COUR D'APPEL D'AIX EN PROVENCE
11e Chambre A
ARRÊT AU FOND
DU 09 DECEMBRE 2011
N° 2011/ 480
Rôle N° 09/21186
SARL AIDA
C/
[U] [E]
[W] [E]
[Y] [E]
[Z] [E]
Grosse délivrée
le :
à :
SCP BOTTAI
SCP COHEN
Décision déférée à la Cour :
Jugement du Tribunal de Grande Instance de MARSEILLE en date du 12 Novembre 2009 enregistré au répertoire général sous le n° 04/1791.
APPELANT
SARL AIDA, prise en la personne de son représentant légal en exercice domicilié en cette qualité au siège, demeurant [Adresse 5]
représenté par la SCP BOTTAI GEREUX BOULAN, avoués à la Cour,
Assistée de Me Michèle GRUGNARDI, avocat au barreau de MARSEILLE
INTIMES
Monsieur [U] [E]
né le [Date naissance 1] 1970 à [Localité 7], demeurant [Adresse 6]

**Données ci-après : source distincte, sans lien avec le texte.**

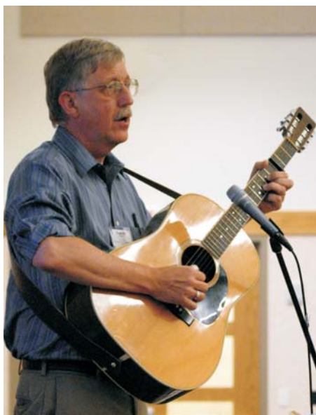
After his plenary lecture, Francis Collins brought out his guitar and accompanied the audience singing this hymn.
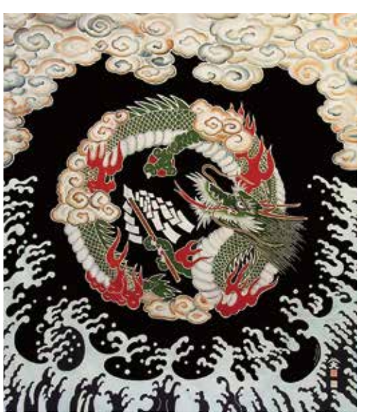
Visit a Sanuki nori dyer who uses viviad colors

*The destinations of activities change depending on day of departure. Details will be shared after boarding.
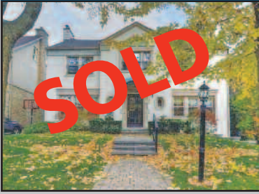
5 GLEN CEDAR
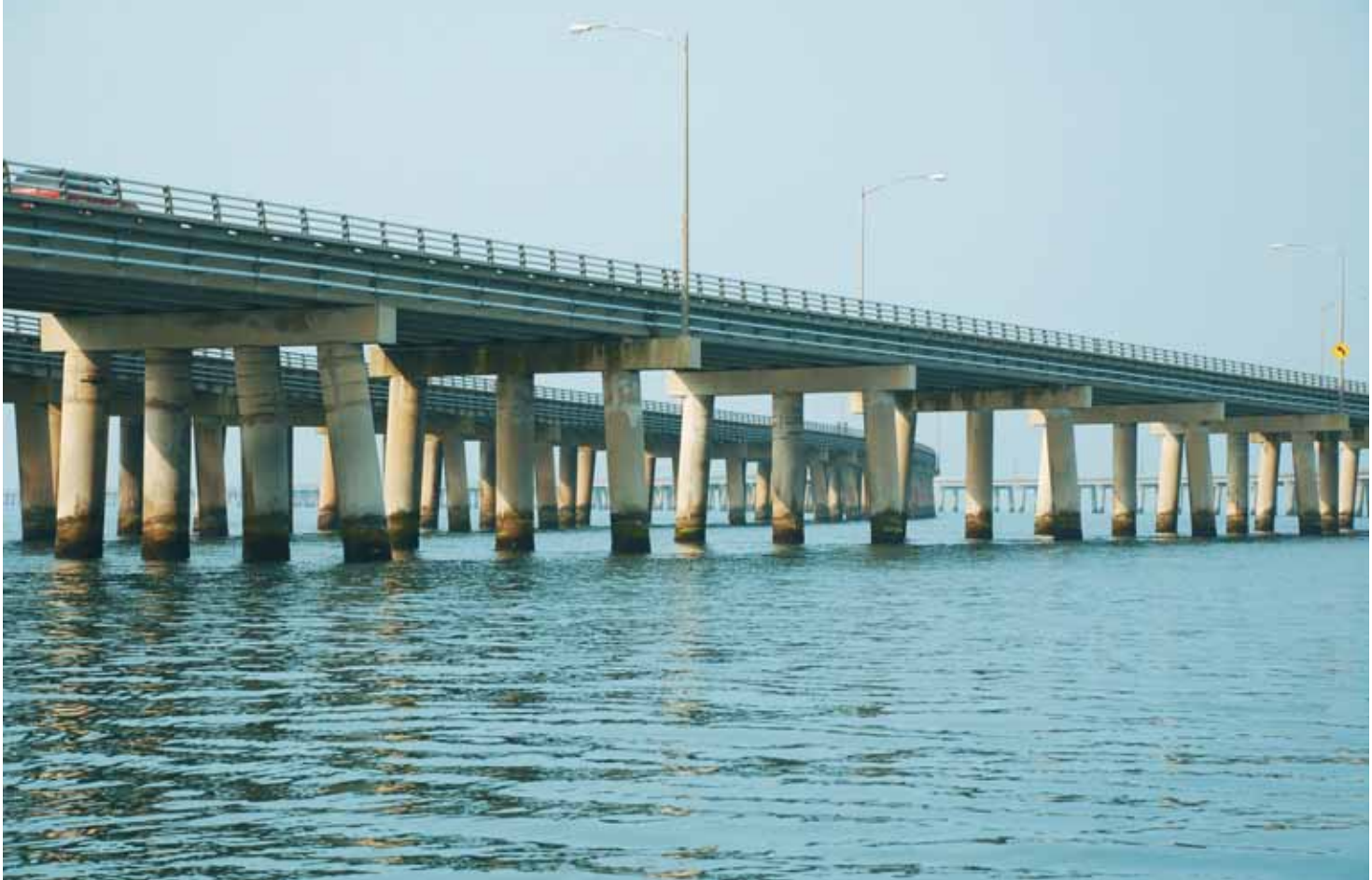
Some of the 11,000 pilings that support the CBBT. Most provide ambush spots and hiding cover for many gamefish.

représenté par la SCP COHEN GUEDJ, avoués à la Cour,
Assisté de la SCP Monique CHAMLA / Franck-Clément CHAMLA, avocats au barreau de MARSEILLE
Monsieur [W] [E]
né le [Date naissance 3] 1966 à [Localité 7], demeurant [Adresse 6]
représenté par la SCP COHEN GUEDJ, avoués à la Cour,
Assisté de la SCP Monique CHAMLA / Franck-Clément CHAMLA, avocats au barreau de MARSEILLE
Monsieur [Y] [E]
né le [Date naissance 4] 1965 à [Localité 7], demeurant [Adresse 6]

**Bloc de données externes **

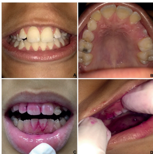
Figure 1. Oral cavity clinical aspects. A, B: Presence of dental plaque and carious lesions. B, C: Presence of plaque evidence in the anterior and posterior teeth.

Of the total of children evaluated, 57.7% had active tooth decay, and the DMFT index found was 1.80 ( \pm 1.93 ) (table 1). The initial IHOS index obtained an overall average of 1.85 ( \pm 0.53 ); and the final IHOS, 0.92 ( \pm 0.50 ) (figure 2). In relation to oral hygiene habits, 73.07% reported brushing over 2 times a day and only 50% of the students evaluated did not use dental floss.
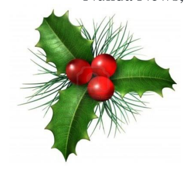
To All A Safe and Healthy New Year
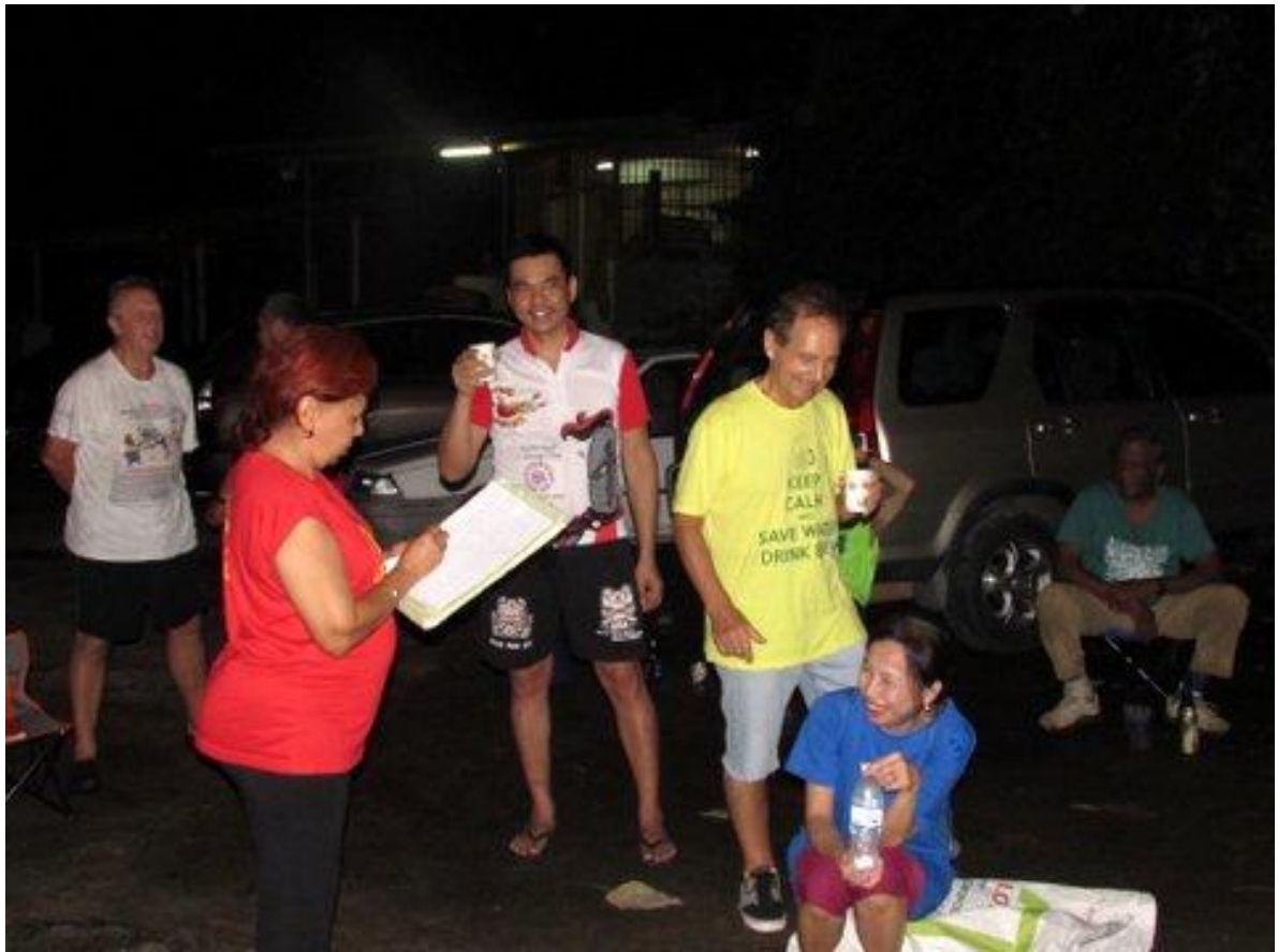
Welcome, Welcome, Welcome
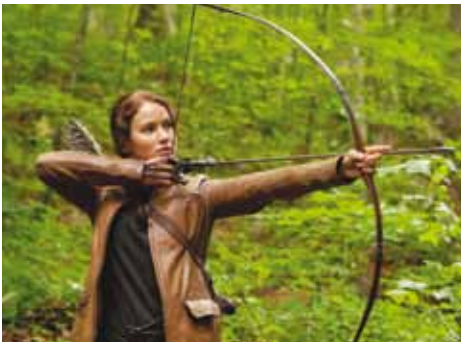
The Hunger Games

In a future where the Capitol selects a boy and girl from the twelve districts to fight to the death on live television, Katniss Everdeen volunteers to take her younger sister's place for the latest epic match.

représenté par la SCP COHEN GUEDJ, avoués à la Cour,
Assisté de la SCP Monique CHAMLA / Franck-Clément CHAMLA, avocats au barreau de MARSEILLE
Monsieur [Z] [E]
né le [Date naissance 2] 1972 à [Localité 7], demeurant [Adresse 6]
représenté par la SCP COHEN GUEDJ, avoués à la Cour,
Assisté de la SCP Monique CHAMLA / Franck-Clément CHAMLA, avocats au barreau de MARSEILLE
*-*-*-*-*
11ème A - 2011/480
COMPOSITION DE LA COUR
L'affaire a été débattue le 02 Novembre 2011 en audience publique. Conformément à l'article 785 du Code de Procédure Civile, Monsieur Jean-Claude DJIKNAVORIAN, Conseiller, a fait un rapport oral de l'affaire à l'audience avant les plaidoiries.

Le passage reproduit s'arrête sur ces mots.